Activity
Could you retype the material, starting at its first line and ending with the line holding "puis de Saint-Vaast-la-Hougue.", and keep the pictures out?

Exercise data
[Start of section]
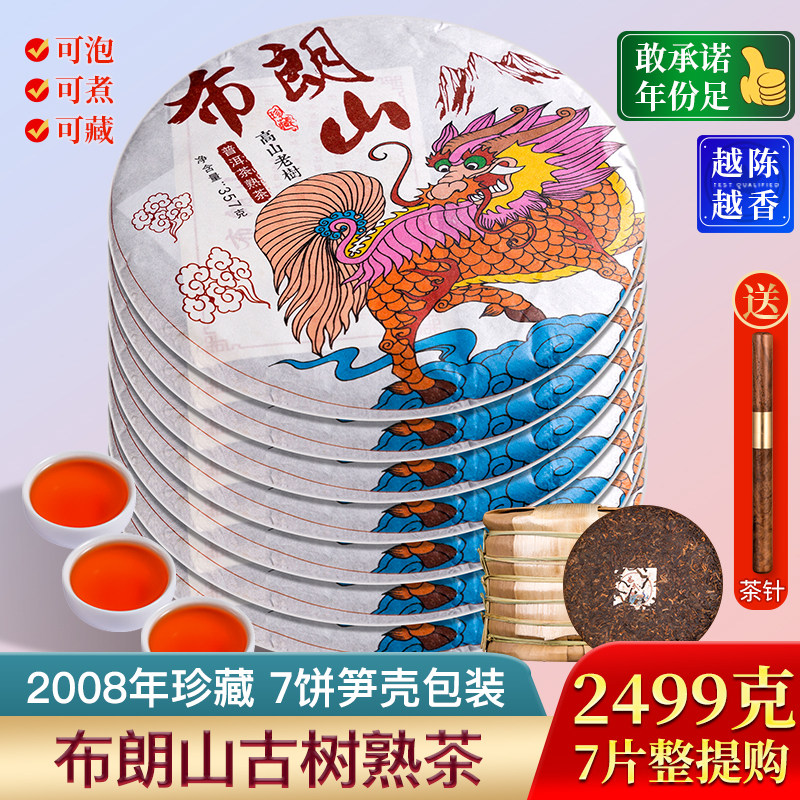 Tea Taste 2008 Brown Mountain Pu'er Tea Cooked Tea Cake Tea Yunnan Qizi Cake Tea 7 Cakes Whole Purchase 2499g
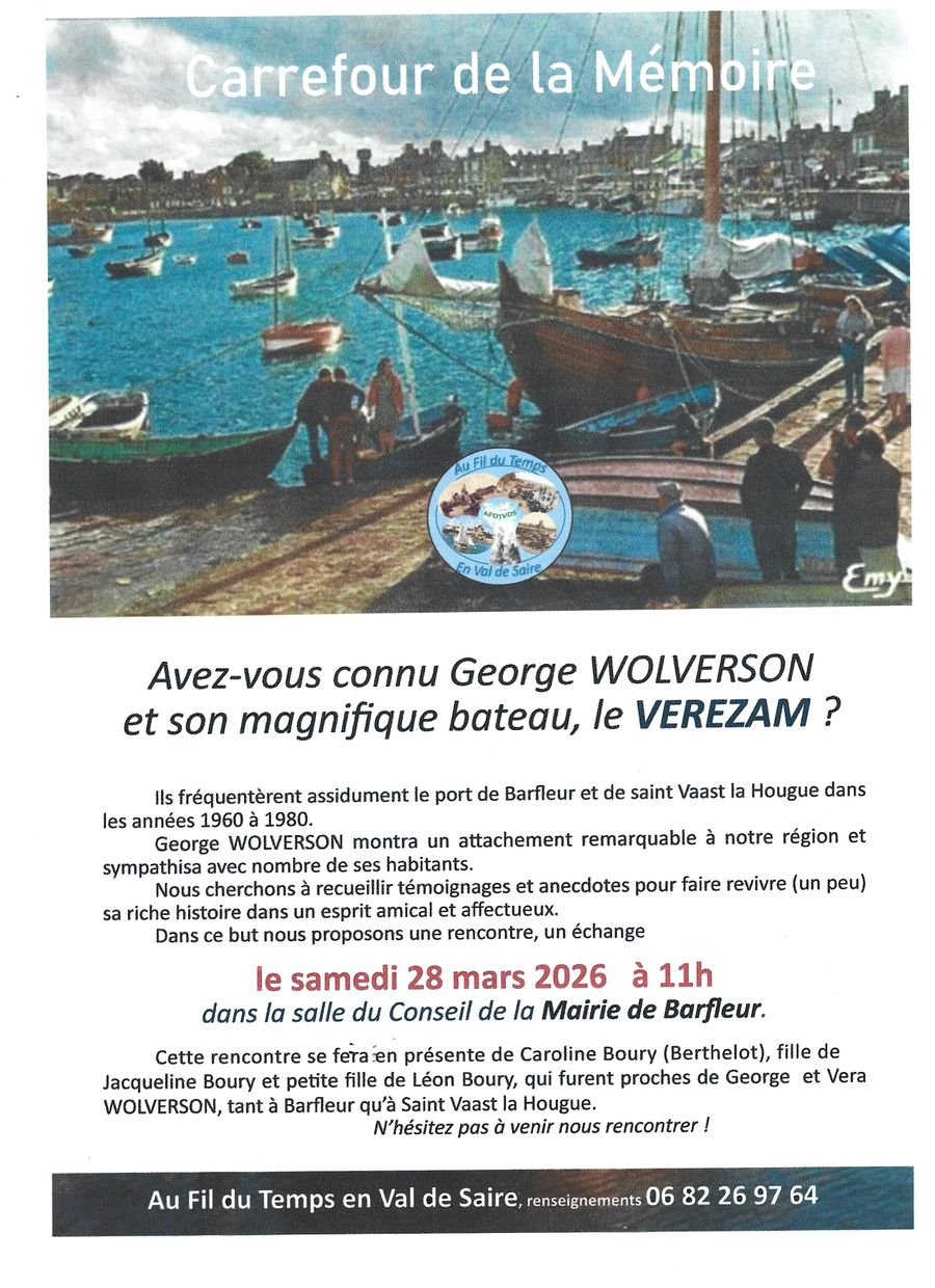 L'association "Au fil du temps en Val de Saire" est à la recherche de témoignages et d'informations relatives à l’histoire du « Verezam « , un navire remarquable qui fréquenta régulièrement les ports de Barfleur puis de Saint-Vaast-la-Hougue.
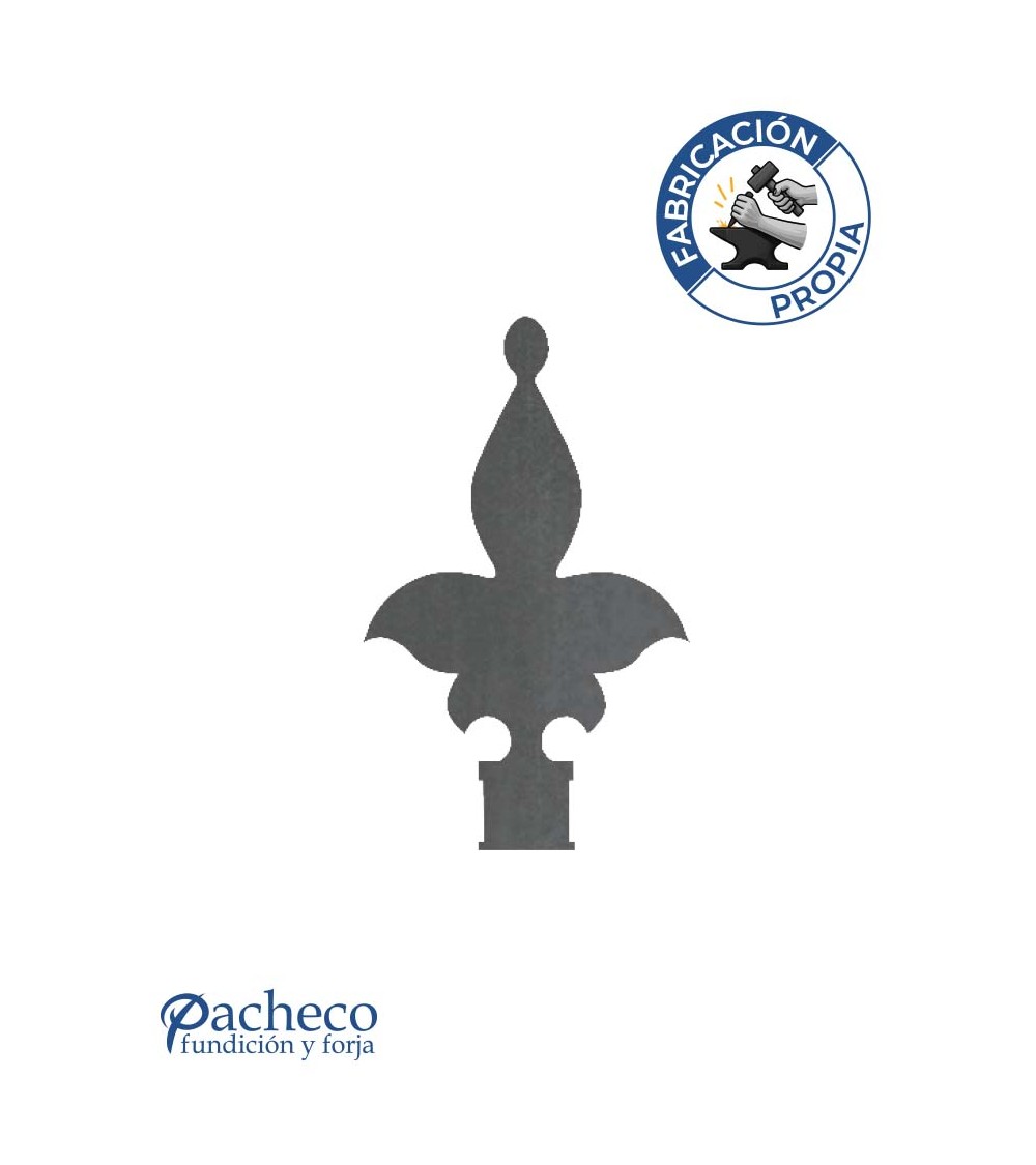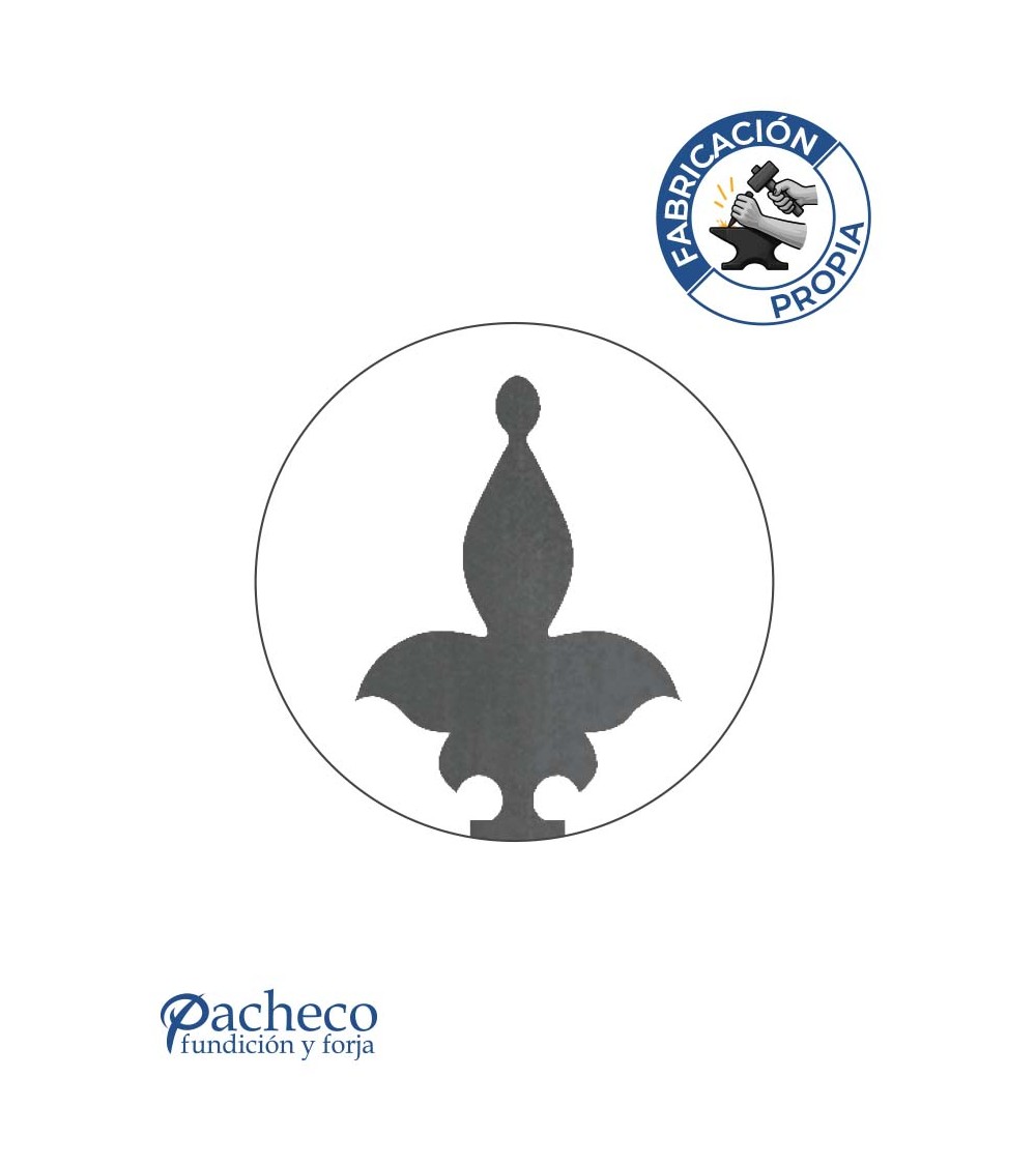 · Remate de chapa de hierro con diseño clásico tipo flor de lis, fabricado mediante corte láser de alta precisión en nuestro taller.
[End of section]
Task output
 Tea Taste 2008 Brown Mountain Pu'er Tea Cooked Tea Cake Tea Yunnan Qizi Cake Tea 7 Cakes Whole Purchase 2499g
 L'association "Au fil du temps en Val de Saire" est à la recherche de témoignages et d'informations relatives à l’histoire du « Verezam « , un navire remarquable qui fréquenta régulièrement les ports de Barfleur puis de Saint-Vaast-la-Hougue.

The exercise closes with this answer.